Process Mining in Application Maintenance and Support — Part 1

Sandeep Raizada
2 min readJul 18, 2020

I write about Process Mining not as a master but as a humble practitioner. There are many and superior articles and analysis, written by academicians and statisticians. Sometimes my reaction, as a practitioner, has been; can we have “plain English” please? I have tried to stay away from the formulae, attempting to focus on how Process Mining can assist with answers to issues in the industry.

This series is a dedication to that humble application log that needs its place in the sun. For many years these logs were banished to system administrators using “geeky tools” to analyze them. The study of logs has progressively become “easier” with process mining tools. Applications have moved higher on the scale of “ease of use”/ “low code or zero code” enabling inclusivity of Business/Process Analysts and System Architects.
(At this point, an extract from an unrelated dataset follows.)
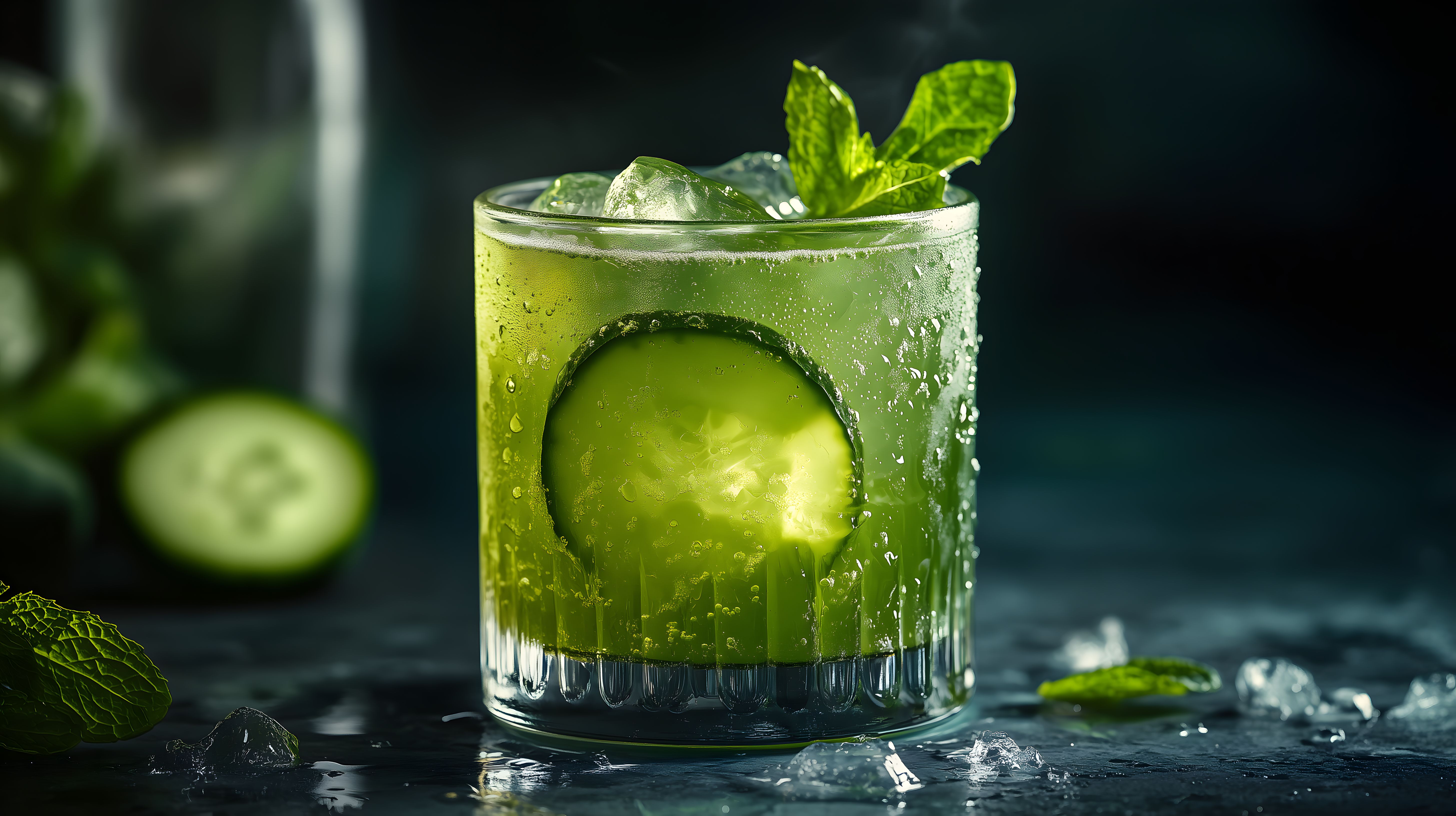 Dieses Foto zeigt ein erfrischendes Gurken-Minz-Getränk in einem Glas. Das Getränk ist mit Eiswürfeln und Minzblättern dekoriert, was den kühlen und erfrischenden Charakter unterstreicht. Die leuchtend grüne Farbe des Getränks und die Wassertropfen am Glas verleihen dem Bild eine sommerliche und einladende Atmosphäre.

It is difficult to write a single analysis that addresses Business and Technical practitioners. I have attempted to split this article so please feel free to read as many sections as you feel are relevant. This part introduces the potential areas to use Process Mining. The subsequent 2 parts explore how process mining gets to answer the questions and potential areas that we spoke off in this part.
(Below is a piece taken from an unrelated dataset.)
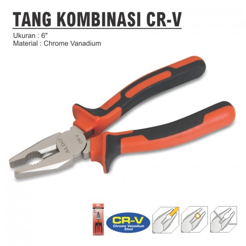 Tang kombinasi dengan dua fungsi, jepit dan potong. Dengan kepala tang yang tebal dan kuat sehingga dapat memotong komponen padat seperti kawat, kabel, dan komponen elektronik lainnya. Material : Crome vanadium steel
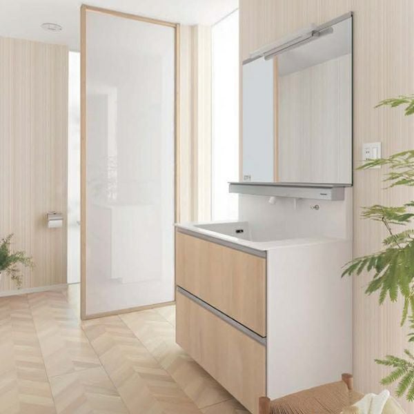 | 品番 | ①本体 900パノラマスライドタイプ 抗菌加工:GQD90EVSXXN ②手動水栓(1面鏡用):XGQD90EA1N ③1面鏡(照明なし):GQD090EYSBT ④LED照明:GQD10D2M |

So how can Process Mining help? I do not intend to replicate what innumerable articles have done. We have used process mining to validate conformance to standard procedures and reporting. These are some typical scenarios below, you may relate to any or all of them:

Possible scenarios

In the subsequent article, I intend to take Application Management and Support. Maintenance teams use a service desk application to manage (record/track/close) customer requests/ incidents. We will work with actual logs to see if we can find answers from application logs made available and how these can help us.

What’s in Part 2:

We review the actual logs from a Bank’s service desk application. Log filtering for relevance and size to obtain reasonable computation time. Reverse engineer the process from the given logs! And determine some bottlenecks.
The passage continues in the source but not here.